Ensuring a New Generation of Nurses

Nursing teacher Winfrida Kwesha lectures at the Kasama School of Nursing, which provides an incentive package to support them.
Nursing teacher Winfrida Kwesha lectures at the Kasama School of Nursing, which provides an incentive package to support them.
HSSP/Melinda Ojermark
Incentive Package Helps Nursing Schools Attract and Retain Their Teachers
“Conditions are really improving, and the extra income makes a big difference.” --Merrington Kabanda, nursing teacher

Elson Muulu is the principal teacher at the Kasama School of Nursing, in Zambia’s Northern Province. He manages the school, which currently serves 150 nursing students, and teaches together with four others.

Maintaining a full faculty of nursing teachers and assuring their job satisfaction is a big challenge for Elson. Although nurses form the backbone of Zambia’s health services, many nursing schools have difficulties attracting and retaining teaching staff. Salaries are low, the workload is heavy, and most health professionals prefer to live in large cities rather than the distant provinces and districts where many schools are located.

In Zambia, which has a deficit of almost 14,000 nurses nationwide, preserving and developing the profession and its training institutions is a matter of urgency. Several national strategies have been implemented to relieve this human resources gap.

The teachers at the Kasama School of Nursing are part of the Rural Retention Scheme, a program in partnership between the Ministry of Health and USAID that provides an incentive package designed to motivate and retain key health staff. The program has helped retain 33 nursing teachers nationwide and strengthen eight training schools. Prior to this program, three schools were closed due to insufficient staff. These schools have since reopened, thanks to the improved conditions.

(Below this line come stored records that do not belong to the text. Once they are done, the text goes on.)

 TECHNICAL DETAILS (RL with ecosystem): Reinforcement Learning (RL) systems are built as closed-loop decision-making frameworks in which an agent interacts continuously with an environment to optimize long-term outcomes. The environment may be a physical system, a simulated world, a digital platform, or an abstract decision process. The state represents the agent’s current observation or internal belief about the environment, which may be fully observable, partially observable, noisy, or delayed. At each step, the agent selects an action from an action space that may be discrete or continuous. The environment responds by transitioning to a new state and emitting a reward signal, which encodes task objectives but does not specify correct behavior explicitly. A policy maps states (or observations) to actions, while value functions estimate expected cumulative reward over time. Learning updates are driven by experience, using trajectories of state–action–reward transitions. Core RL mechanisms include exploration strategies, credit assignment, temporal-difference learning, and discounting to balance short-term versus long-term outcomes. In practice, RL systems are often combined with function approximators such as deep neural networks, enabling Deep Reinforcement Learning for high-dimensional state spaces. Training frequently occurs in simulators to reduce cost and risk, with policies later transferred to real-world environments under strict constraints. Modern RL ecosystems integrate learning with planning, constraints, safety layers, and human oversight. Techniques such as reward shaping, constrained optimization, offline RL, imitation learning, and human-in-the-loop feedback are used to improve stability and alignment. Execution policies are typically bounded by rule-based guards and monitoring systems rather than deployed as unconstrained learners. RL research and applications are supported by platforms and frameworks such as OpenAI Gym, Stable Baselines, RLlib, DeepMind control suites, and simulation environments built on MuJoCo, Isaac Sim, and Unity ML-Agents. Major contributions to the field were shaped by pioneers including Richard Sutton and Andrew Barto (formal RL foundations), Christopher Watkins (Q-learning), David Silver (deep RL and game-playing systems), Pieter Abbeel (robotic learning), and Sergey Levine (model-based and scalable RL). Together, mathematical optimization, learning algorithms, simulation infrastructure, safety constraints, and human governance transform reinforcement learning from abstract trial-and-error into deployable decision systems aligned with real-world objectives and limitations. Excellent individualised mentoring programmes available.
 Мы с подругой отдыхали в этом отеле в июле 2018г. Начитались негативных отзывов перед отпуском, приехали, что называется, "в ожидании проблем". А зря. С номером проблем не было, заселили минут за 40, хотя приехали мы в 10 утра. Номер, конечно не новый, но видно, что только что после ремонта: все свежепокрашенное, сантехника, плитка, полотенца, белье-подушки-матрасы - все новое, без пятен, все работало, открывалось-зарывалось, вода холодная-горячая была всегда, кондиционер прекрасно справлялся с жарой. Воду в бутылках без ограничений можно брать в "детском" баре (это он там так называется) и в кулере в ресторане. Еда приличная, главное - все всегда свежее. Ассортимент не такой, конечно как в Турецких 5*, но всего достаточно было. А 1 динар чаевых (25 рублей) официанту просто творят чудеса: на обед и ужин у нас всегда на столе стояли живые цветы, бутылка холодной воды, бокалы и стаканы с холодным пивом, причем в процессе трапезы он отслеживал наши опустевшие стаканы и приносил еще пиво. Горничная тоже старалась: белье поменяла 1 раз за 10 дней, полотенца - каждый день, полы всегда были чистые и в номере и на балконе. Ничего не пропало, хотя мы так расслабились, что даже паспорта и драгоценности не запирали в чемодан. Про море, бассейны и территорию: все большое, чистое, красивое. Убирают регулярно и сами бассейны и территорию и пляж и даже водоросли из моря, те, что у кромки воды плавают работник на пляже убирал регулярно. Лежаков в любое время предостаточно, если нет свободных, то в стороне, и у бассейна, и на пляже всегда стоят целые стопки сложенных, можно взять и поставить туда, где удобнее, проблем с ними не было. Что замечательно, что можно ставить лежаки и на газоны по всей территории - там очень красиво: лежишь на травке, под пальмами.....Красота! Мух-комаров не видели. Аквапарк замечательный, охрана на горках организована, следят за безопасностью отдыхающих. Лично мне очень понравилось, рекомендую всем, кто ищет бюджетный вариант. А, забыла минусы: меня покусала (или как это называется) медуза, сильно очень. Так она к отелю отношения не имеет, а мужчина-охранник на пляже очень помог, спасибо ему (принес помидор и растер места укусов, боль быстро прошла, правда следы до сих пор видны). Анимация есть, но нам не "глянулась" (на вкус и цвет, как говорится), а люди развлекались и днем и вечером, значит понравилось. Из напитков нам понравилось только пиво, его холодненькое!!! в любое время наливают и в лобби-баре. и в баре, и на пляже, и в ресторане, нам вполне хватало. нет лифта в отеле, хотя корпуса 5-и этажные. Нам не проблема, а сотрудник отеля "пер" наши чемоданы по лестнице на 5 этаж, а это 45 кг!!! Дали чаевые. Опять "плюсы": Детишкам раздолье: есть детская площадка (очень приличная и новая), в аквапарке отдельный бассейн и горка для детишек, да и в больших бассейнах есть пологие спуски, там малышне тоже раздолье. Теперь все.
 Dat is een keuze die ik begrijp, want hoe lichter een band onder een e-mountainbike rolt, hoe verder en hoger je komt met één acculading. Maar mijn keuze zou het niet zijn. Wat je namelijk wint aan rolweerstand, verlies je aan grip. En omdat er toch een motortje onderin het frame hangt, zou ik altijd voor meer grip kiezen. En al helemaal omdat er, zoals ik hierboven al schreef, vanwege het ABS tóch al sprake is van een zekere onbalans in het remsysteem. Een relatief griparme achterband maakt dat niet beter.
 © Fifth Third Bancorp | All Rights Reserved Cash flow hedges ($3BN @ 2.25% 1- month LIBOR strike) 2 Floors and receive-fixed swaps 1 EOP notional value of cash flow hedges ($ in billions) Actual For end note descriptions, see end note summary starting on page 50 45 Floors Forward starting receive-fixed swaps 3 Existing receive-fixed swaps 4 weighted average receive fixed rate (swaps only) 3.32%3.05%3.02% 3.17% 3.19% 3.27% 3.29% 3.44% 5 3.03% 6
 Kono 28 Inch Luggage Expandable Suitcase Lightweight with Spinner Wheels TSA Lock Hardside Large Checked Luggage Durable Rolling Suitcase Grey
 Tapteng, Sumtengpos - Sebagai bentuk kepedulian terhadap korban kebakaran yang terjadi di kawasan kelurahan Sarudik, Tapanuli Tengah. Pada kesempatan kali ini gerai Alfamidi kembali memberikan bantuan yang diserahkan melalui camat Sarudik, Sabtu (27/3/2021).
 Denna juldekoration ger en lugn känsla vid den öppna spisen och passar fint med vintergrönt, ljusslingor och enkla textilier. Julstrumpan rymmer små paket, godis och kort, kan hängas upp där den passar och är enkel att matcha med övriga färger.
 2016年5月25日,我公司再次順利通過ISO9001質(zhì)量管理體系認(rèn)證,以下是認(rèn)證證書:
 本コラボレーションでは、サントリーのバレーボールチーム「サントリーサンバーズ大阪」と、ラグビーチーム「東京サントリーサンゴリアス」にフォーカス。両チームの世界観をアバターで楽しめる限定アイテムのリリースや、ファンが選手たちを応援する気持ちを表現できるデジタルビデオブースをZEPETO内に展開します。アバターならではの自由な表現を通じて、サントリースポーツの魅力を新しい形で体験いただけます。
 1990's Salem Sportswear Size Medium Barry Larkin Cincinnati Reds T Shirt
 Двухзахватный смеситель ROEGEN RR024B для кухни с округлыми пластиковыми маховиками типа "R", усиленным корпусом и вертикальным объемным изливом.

“We are very happy that someone considered us as beneficiaries of the Retention Scheme. Conditions are really improving, and the extra income makes a big difference. I am now able to build a house. I will be staying in this job,” said nursing teacher Merrington Kabanda.

At the Kasama School of Nursing, long unfilled positions will now be taken by students currently completing studies for their credentials. Attracting more nursing teachers will, in turn, insure the education of increasing numbers of urgently needed nurses who will serve in the health workforce.